Hydrogen gas,H2 , reacts with nitrogen gas,N2 , to form ammonia gas,NH3 , according to the equation
3H2+N2-2NH3
How many grams ofNH3 can be produced from 2.90mol ofN2 ?
How many grams ofH2 are needed to produce 13.75g of NH3 ?
How many molecules (not moles) ofNH3 are produced from 8.26×10−4g ofH2 ?
3H2 + N2 ==> 2NH3
Convert 2.90 moles N2 to moles NH3 using the coefficients in the balanced equation.
2.90 x (2 moles NH3/1 mole N2) = 2.90 x 2/1 = ??
Convert moles NH3 to grams by g = moles x molar mass.
b.1. Convert 13.75 g NH3 to moles. moles = grams/molar mass = 13.75/17 = 1.057 moles NH3.
2. Convert moles NH3 to moles H2.
1.057 moles NH3 x (3 moles H2/2 moles NH3) = 1.585 moles H2.
3. Convert moles H2 to grams. 1.585 x 2 = 3.171 g to four significant figures (the number in 13.75 in the problem. You should go back through and use the proper molar masses to four s.f. since I just used these numbers from memory.
c.
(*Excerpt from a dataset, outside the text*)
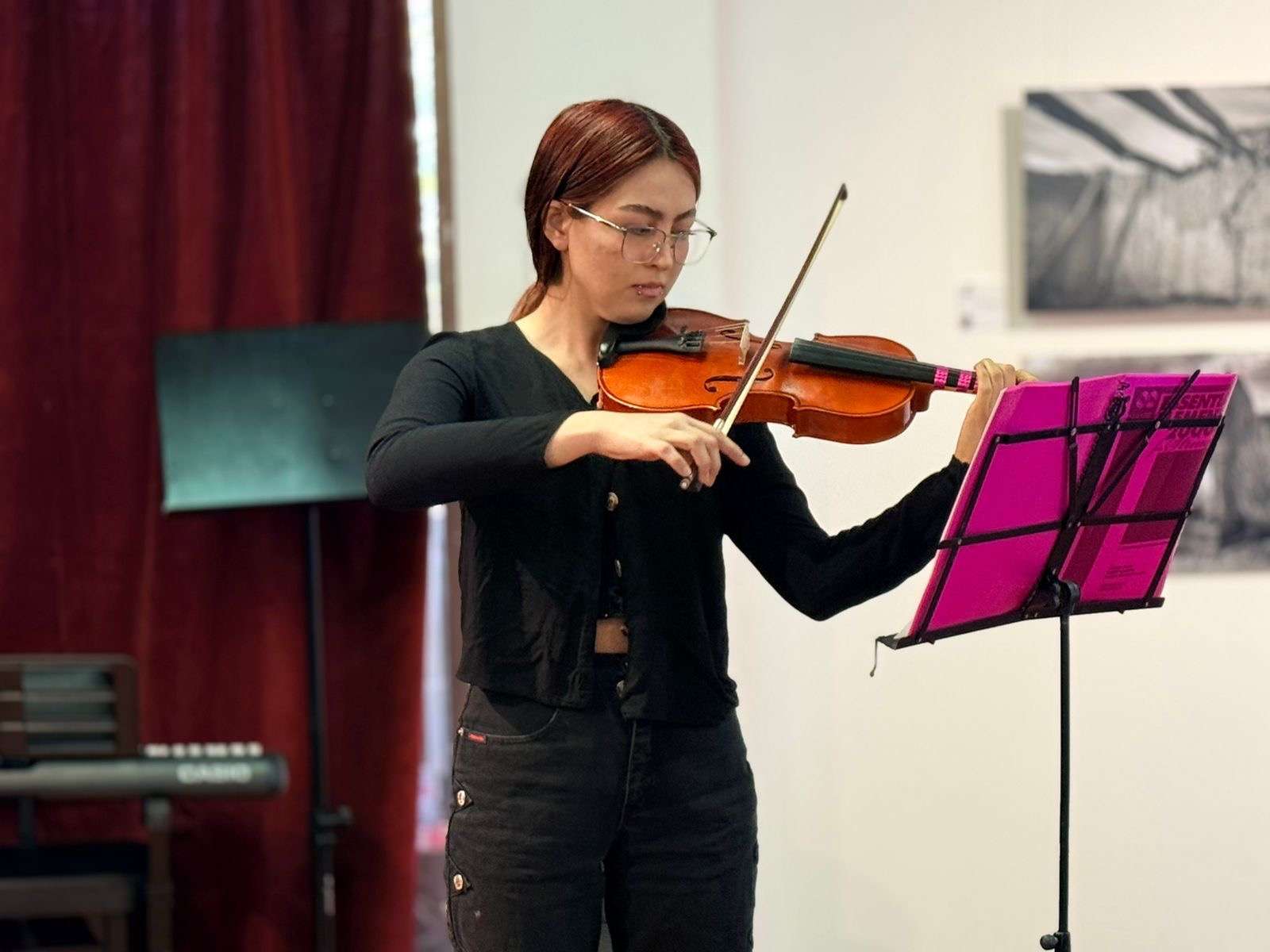 La actividad se realizó el sábado 20 de diciembre y contó con la participación de diez estudiantes de entre 7 y 20 años de edad, quienes ofrecieron una muestra de su talento interpretando diversos instrumentos como violín, piano, arpa, guitarra eléctrica, entre otros, ante la presencia de familiares y acompañantes.

Start with 8.26 x 10^-4 g H2 and calculate moles of NH3. Then remember that 1 mole NH3 will contain 6.02 x 10^23 molecules.
Post your work if you need additional assistance.
To find the answers to these questions, we need to use the concept of stoichiometry and the balanced equation provided.
1) How many grams of NH3 can be produced from 2.90 mol of N2?
We start by looking at the balanced equation:
3H2 + N2 → 2NH3
The stoichiometry of the equation tells us that for every 1 mole of N2, we produce 2 moles of NH3. Therefore, we can set up a proportion equation:
2 mol NH3 / 1 mol N2 = x mol NH3 / 2.90 mol N2
Simplifying the equation, we find that x = (2 mol NH3 / 1 mol N2) x (2.90 mol N2) = 5.80 mol NH3.
Now, to convert the moles of NH3 to grams, we use the molar mass of NH3:
Molar mass of NH3 = 1 * molar mass of N + 3 * molar mass of H = 17.03 g/mol
Mass of NH3 = moles of NH3 * molar mass of NH3 = 5.80 mol * 17.03 g/mol = 98.77 g
Therefore, 98.77 grams of NH3 can be produced from 2.90 moles of N2.
2) How many grams of H2 are needed to produce 13.75 g of NH3?
Again, we start with the balanced equation:
3H2 + N2 → 2NH3
The stoichiometry of the equation tells us that for every 3 moles of H2, we produce 2 moles of NH3. Therefore, we can set up a proportion equation:
2 mol NH3 / 3 mol H2 = 13.75 g NH3 / x g H2
Simplifying the equation, we find that x = (3 mol H2 / 2 mol NH3) x (13.75 g NH3) = 20.63 g H2.
Therefore, 20.63 grams of H2 are needed to produce 13.75 grams of NH3.
3) How many molecules (not moles) of NH3 are produced from 8.26 × 10^-4 g of H2?
First, we need to convert grams of H2 to moles using the molar mass of H2:
Molar mass of H2 = 2.02 g/mol
Moles of H2 = mass of H2 / molar mass of H2 = (8.26 × 10^-4 g) / (2.02 g/mol) = 4.09 × 10^-4 mol
Now, using the balanced equation:
3H2 + N2 → 2NH3
We can calculate the number of moles of NH3 produced:
2 mol NH3 / 3 mol H2 = x mol NH3 / 4.09 × 10^-4 mol H2
Simplifying the equation, we find that x = (2 mol NH3 / 3 mol H2) x (4.09 × 10^-4 mol H2) = 2.73 × 10^-4 mol NH3
To convert moles to molecules, we use Avogadro's number:
1 mol = 6.022 × 10^23 molecules
Number of molecules of NH3 = moles of NH3 * Avogadro's number = (2.73 × 10^-4 mol) * (6.022 × 10^23 molecules/mol) = 1.64 × 10^20 molecules
Therefore, 1.64 × 10^20 molecules of NH3 are produced from 8.26 × 10^-4 g of H2.